I am an accessory.
And I don’t mean that as a metaphor, like, “I am a silver necklace in a world of oversized t-shirts.”
I mean like the criminal kind.
In the past, I have been what laymen commonly refer to as a “Goody-Two Shoes.” Or, as my more technical-speaking sister called me, a “Goody-Goody.” (I never saw the insult in this statement, which is a defining characteristic of the Goody-Two Shoes species.)
But, as I’ve said before, college changes you.
It gives rise to crimes of desperation. Sheer desperation.
I mean, there’s no thrill or glamour in stealing toilet paper.
Sometimes, it’s just kind of necessary.
Coming out of class today, I saw my friend, Lydia.
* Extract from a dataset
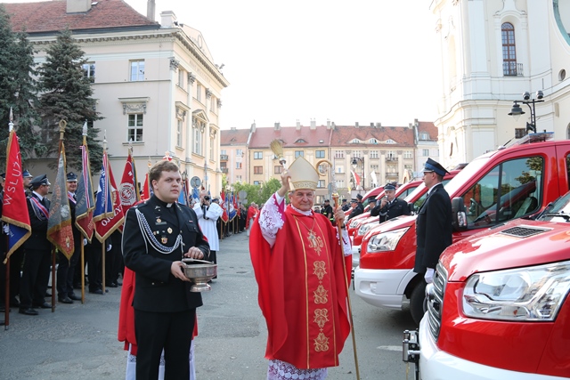 Po Mszy św. bp Janiak poświęcił 10 nowych wozów strażackich przekazanych strażakom z południowej Wielkopolski. W całej Wielkopolsce zakupiono 30 nowych pojazdów.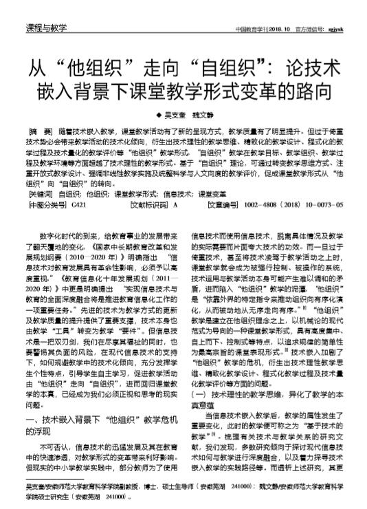 吴支奎:从“他组织 ”走向“自组织” : 论技术嵌入背景下课堂教学形式变革的路向

I ran up behind her and tapped her on the shoulder.
“Hi,” she said, taking out her earphones. “I’m going to the PAC to steal some toilet paper.”
That’s the thing about Lydia. It doesn’t matter whether she is watching Netflix or planning murder. She will tell you exactly what she is doing in the same frank, outright manner.
“Oh.” I looked up at the building. “I’ll go with you.” We live in the same dorm building. I figured we could walk back together after stealing a roll or two.
But Lydia was a woman on a mission.
We went to. Every. Single. Bathroom. In. The. Building.
It isn’t actually that dramatic. There are only three bathrooms, all on the same floor.
And we walked away with only one roll.
My roommate did the same thing once, when we were out of toilet paper. And, to be completely honest, I have, too. (Fine. I’ve been an accessory twice and perpetrator once.)
Still, if the punishment fits the crime, I cannot imagine we would have a harsh sentence.
It reminds me of a case in New York where a man was found guilty of stealing a loaf of bread. The judge fined everyone in the courtroom for living in a city where a man had to steal a loaf of bread, then gave the collected money to the man.
Though, thankfully, we’re not starving. Thanks to mandatory, pre-paid meal plans, we feast like kings on greasy cafeteria food.
We just need something to clean up with.